Em um estudo de 2018, pesquisadores deram a veteranos com perturbação de estresse pós-traumático (PSPT) a escolha de participar de sessões de 30 minutos de escrita em que eles refletiram sobre experiências traumáticas, ou de um programa de 12 semanas de terapia de processamento cognitivo, um tratamento de primeira linha para PSPT. O estudo concluiu que as sessões de escrita tinham a mesma eficácia do programa de 12 semanas.

Não basta relembrar, é preciso contar

Outro trabalho sugere que os detalhes da narrativa são importantes. Simplesmente olhar para o passado e listar eventos da vida não parece ajudar.
É a construção da narrativa — explorar laços, formular uma trama — que é crítico para chegar a uma noção coerente do ‘eu’. E até mesmo os pronomes parecem ser relevantes para isso.
Quando estamos refletindo sobre experiências do passado, cada pessoa gramatical que escolhemos para narrar nossa própria história — a primeira, segunda ou terceira — têm suas vantagens particulares.

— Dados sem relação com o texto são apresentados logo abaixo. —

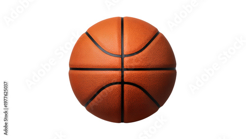 Classic orange basketball with textured surface and black seams, perfectly isolated PNG on transparent background, ready for sports design projects

Optar pela terceira pessoa, por exemplo, parece nos permitir apreciar melhor como nós mudamos com o tempo, enquanto o uso da primeira pessoa nos permite falar em tom de continuidade. Refletir sobre desafios com o uso do termo genérico “você” —, como por exemplo, “algumas vezes você ganha, algumas vezes você perde — ajuda a criar uma distância psicológica de uma situação difícil, bem como universalizar a experiência. Usar o “eu” coloca a sua resposta em evidência; já o “você” amarra isso à condição humana.

Se a nossa sensação de futuro parece estar se esgotando, podemos fazer o melhor do nosso passado? Eu frequentemente batalho em meu papel de cuidar de pacientes que se encontram no fim da vida.
Sei que as coisas mais benéficas que posso oferecer não são as que costumo receitar: analgésicos, laxantes, fluidos intravenosos. Pelo contrário: a resposta está naquelas coisas que são ao mesmo tempo mais desafiadoras e mais elementares. Sentar. Ouvir. Explorar o que tudo significou.
“O que eu digo a mim mesmo”, disse meu paciente, ” é que mesmo que eu não esteja por perto para ver isso, eu ajudei a moldar o mundo do futuro. Pelo menos fiz minha pequena parte para isso.”